Where do we go from here

It’s been an amazing couple of days.  Thanks to leaks of government documents and the hard work of some reporters, we’ve learned that the government has been collecting data on our telephone calls—three billion phone calls a day—and essentially watching from inside our computers while we work on the Internet.  Government officials say this is for our own protection, that it’s a good way for them to gather information that can prevent terrorist attacks.  The programs began while George W. Bush was president, and have continued under Barack Obama.

I’ve tried to get my head wrapped around the rapid-fire revelations of the government’s massive system of spying on its citizens; not a rogue operation, but a system pursued by the administration and authorized by Congress and the special Foreign Surveillance Intelligence Courts.  I see that the stories are falling off of the front pages, but we need to fight becoming complacent about this Patriot-(Act)-ic intrusion into our privacy.

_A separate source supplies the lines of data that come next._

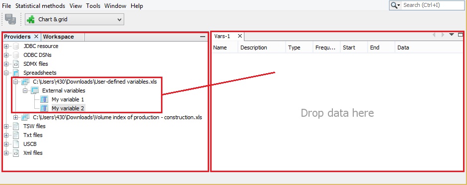 - Dynamic variables that are imported into the Variables panel by dragging and dropping series from a browser of the application, available in the Providers window. Dynamic variables are automatically updated each time the application is re-opened. Therefore, it is a convenient solution for creating user-defined variables.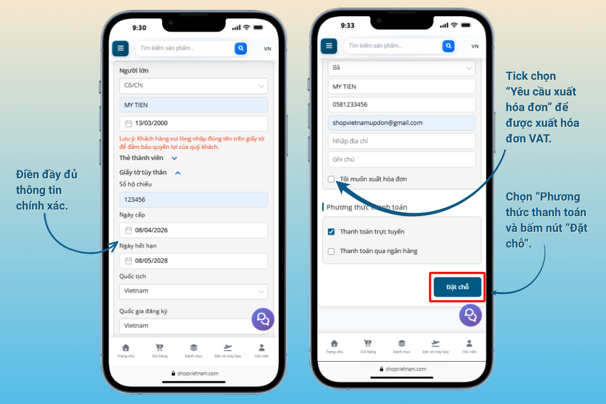- Yêu cầu đặc biệt: Nếu cần xuất hóa đơn VAT, Quý khách vui lòng tick chọn “Yêu cầu xuất hóa đơn” và điền đầy đủ mã số thuế, tên công ty.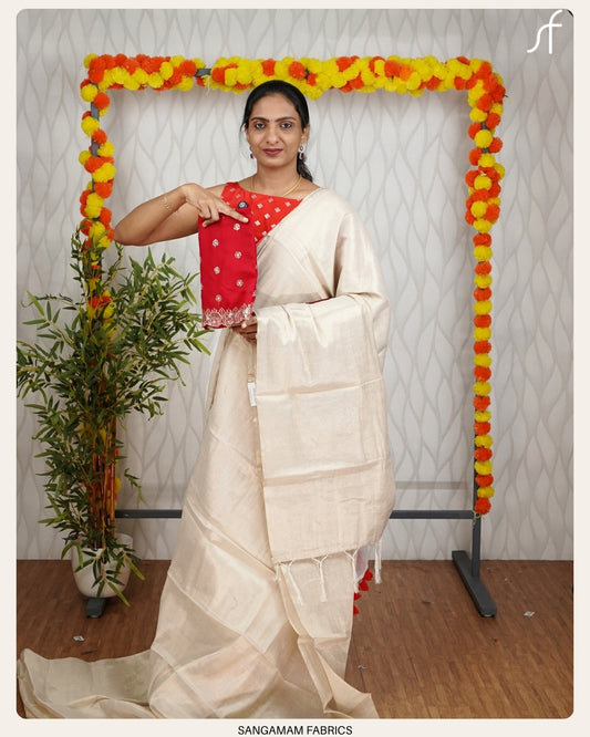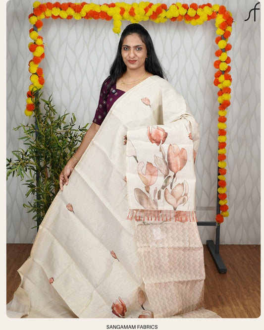KERALA DOUBLE MUNDU CREEM KASAV FANCY PRINT

On Wednesday news broke of a secret order to Verizon forcing it to turn over metadata of all of its customers calls…we think this includes business, residential and cellular, and we think there are probably similar orders for other telephone providers, but the orders themselves are so secret that the companies can’t acknowledge if it exists.  On Thursday we learned that the government has been tapping directly into the central servers of the major Internet companies to access emails, pictures and videos, etc.  Late Thursday night government officials confirmed the program but insisted it is targeted only at people outside of the United States.  They even claimed that the programs have succeeded in stopping terrorist attacks, although that claim seems dubious.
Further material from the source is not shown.